▶ DATASET RECORDS:
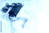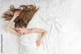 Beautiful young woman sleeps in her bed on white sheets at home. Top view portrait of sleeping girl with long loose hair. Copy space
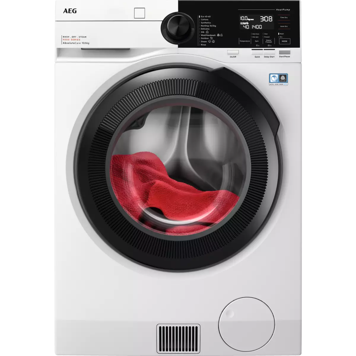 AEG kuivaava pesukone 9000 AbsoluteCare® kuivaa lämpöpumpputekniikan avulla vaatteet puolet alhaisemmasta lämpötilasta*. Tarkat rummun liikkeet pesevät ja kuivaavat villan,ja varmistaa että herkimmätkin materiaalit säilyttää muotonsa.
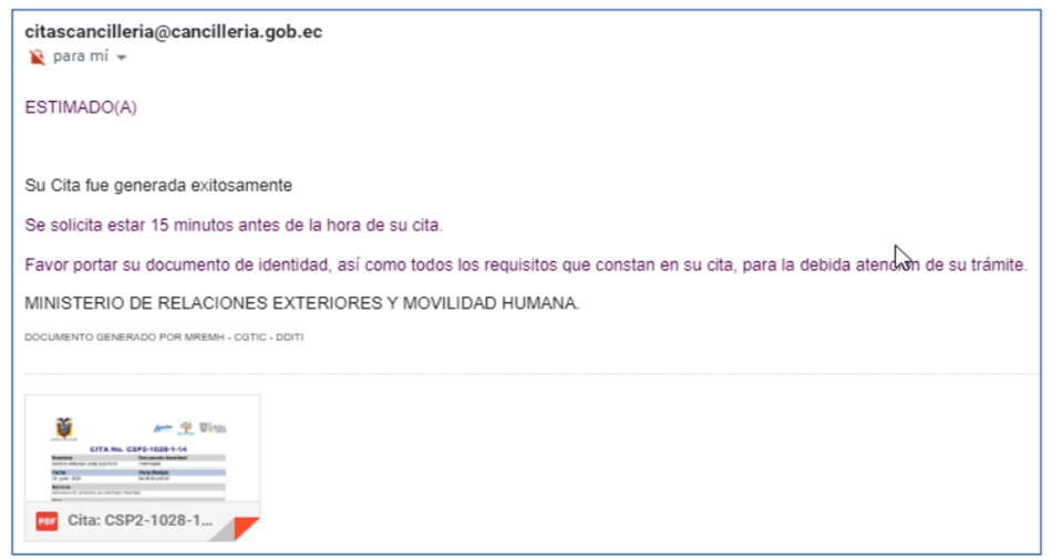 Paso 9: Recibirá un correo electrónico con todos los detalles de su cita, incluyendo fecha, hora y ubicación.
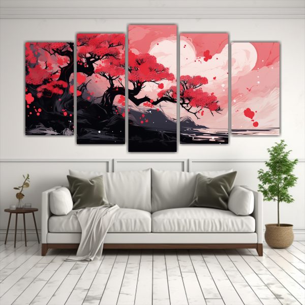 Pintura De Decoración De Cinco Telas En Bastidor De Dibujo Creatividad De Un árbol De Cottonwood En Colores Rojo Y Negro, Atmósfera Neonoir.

--

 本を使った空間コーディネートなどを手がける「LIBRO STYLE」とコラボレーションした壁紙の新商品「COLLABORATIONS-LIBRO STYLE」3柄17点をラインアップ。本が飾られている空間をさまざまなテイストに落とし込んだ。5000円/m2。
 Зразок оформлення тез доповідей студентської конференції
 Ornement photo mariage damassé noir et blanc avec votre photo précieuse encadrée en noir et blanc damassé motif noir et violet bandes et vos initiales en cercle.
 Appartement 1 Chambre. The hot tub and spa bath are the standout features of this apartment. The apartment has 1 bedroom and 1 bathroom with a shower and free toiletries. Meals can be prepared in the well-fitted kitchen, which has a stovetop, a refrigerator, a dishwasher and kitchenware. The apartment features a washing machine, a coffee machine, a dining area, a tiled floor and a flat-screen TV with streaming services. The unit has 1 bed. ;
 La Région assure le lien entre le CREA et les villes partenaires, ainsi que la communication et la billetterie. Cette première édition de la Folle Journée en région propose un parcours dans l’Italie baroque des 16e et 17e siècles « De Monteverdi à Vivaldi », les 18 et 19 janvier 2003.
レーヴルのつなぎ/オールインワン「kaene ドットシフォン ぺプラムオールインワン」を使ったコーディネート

---

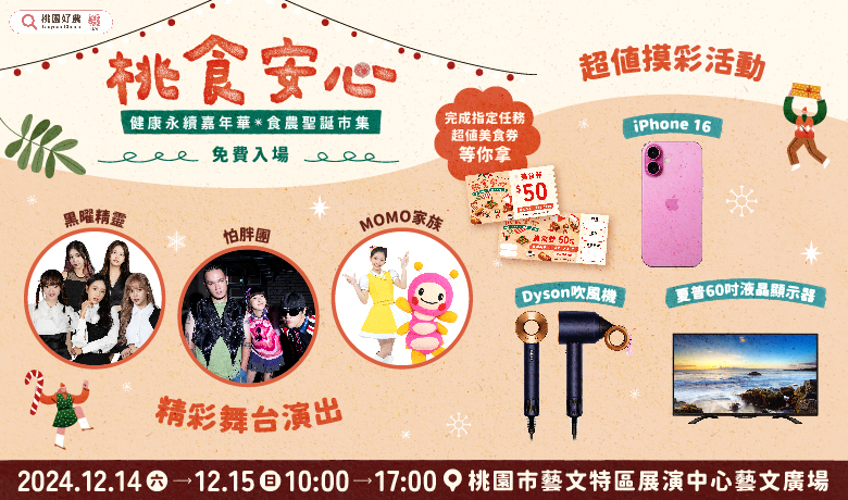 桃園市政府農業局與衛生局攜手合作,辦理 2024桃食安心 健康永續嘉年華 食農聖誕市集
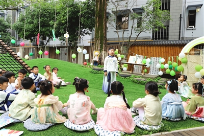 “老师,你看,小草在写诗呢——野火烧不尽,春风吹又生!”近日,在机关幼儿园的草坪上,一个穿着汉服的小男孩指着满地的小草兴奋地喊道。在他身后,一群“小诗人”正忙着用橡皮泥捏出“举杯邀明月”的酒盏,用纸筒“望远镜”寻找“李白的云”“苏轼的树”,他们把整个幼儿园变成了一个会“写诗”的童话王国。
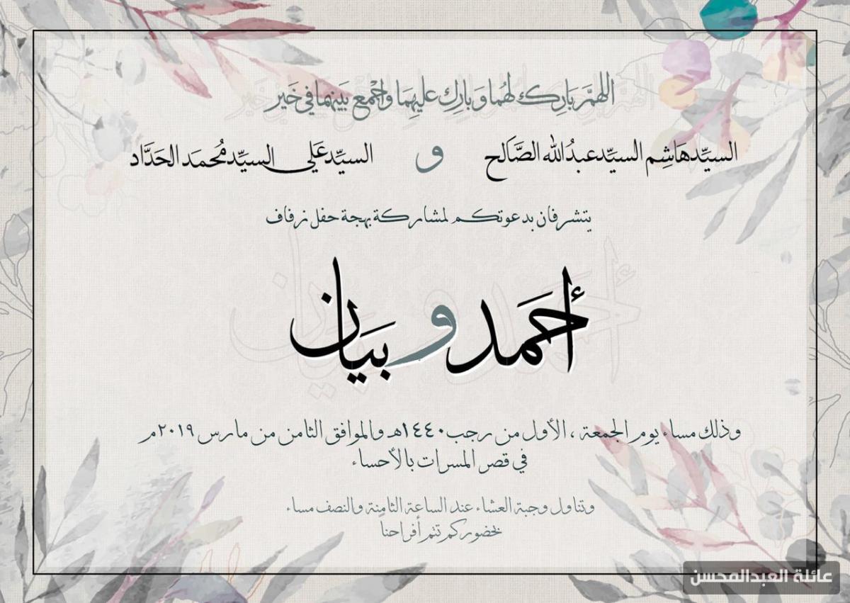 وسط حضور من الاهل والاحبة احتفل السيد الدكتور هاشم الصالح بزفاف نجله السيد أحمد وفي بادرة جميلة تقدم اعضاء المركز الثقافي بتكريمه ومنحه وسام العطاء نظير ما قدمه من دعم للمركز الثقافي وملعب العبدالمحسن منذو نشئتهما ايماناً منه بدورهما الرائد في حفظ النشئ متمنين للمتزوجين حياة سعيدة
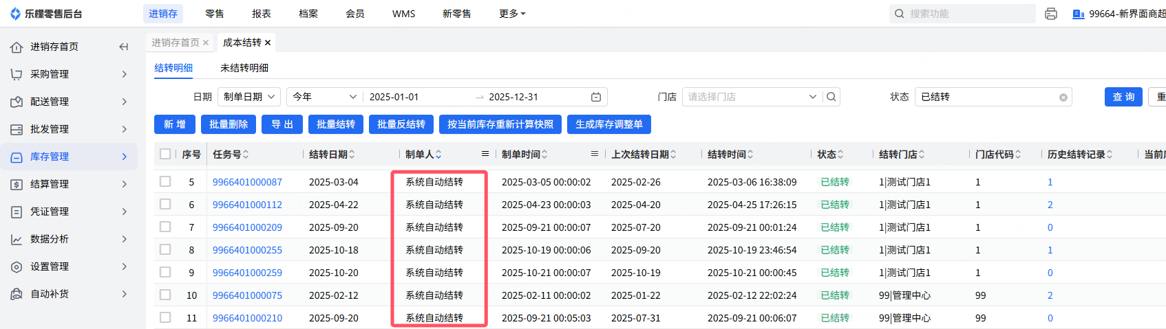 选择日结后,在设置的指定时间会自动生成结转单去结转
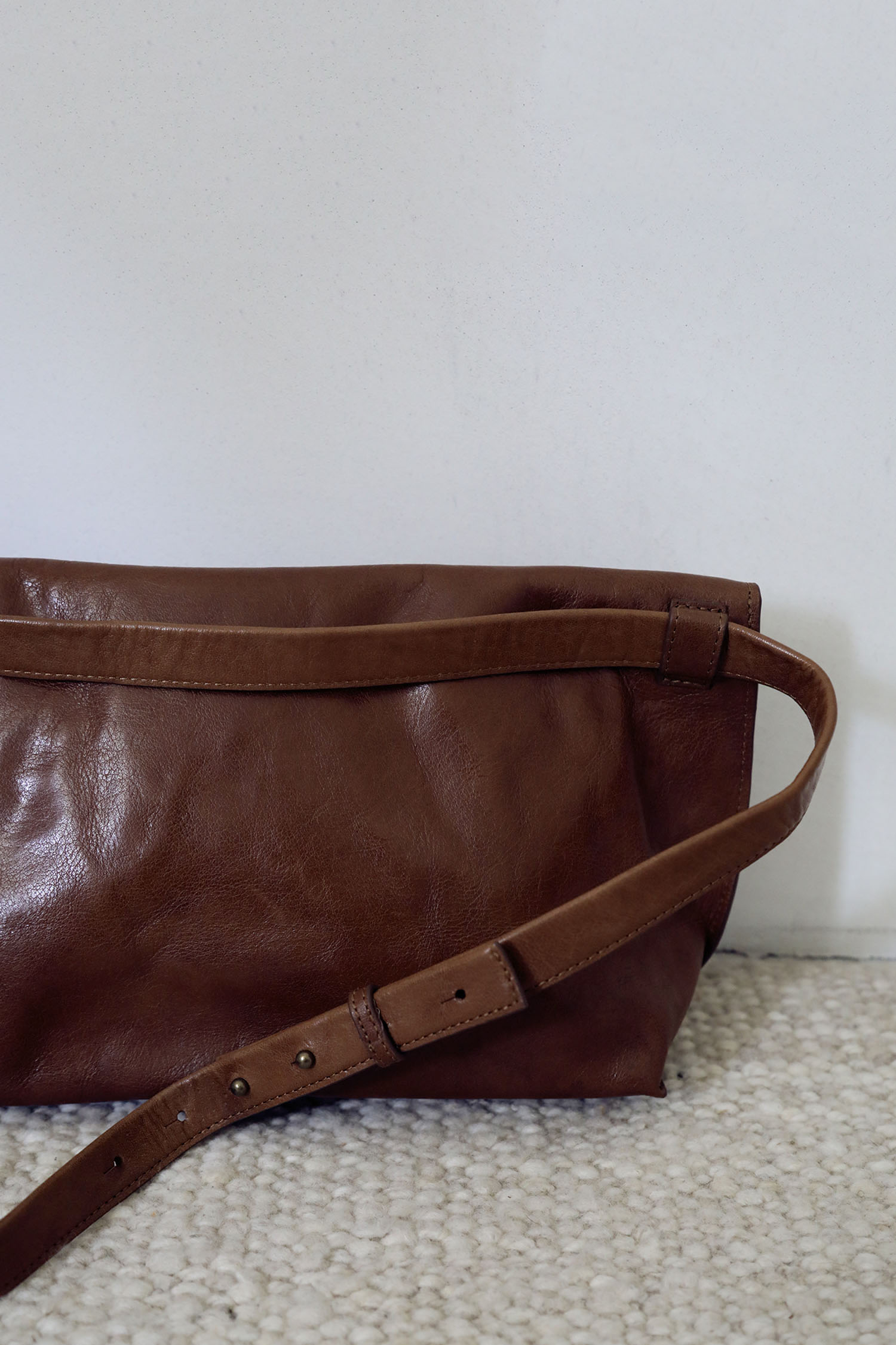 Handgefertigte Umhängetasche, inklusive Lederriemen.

▶ REQUIREMENT: Would you copy, word for word, only the lines above from the one containing "选择日结后,在设置的指定时间会自动生成结转单去结转" through the one containing "Handgefertigte Umhängetasche, inklusive", both included, and please leave out the pictures?

▶ RESPONSE BOX:
 选择日结后,在设置的指定时间会自动生成结转单去结转
 Handgefertigte Umhängetasche, inklusive Lederriemen.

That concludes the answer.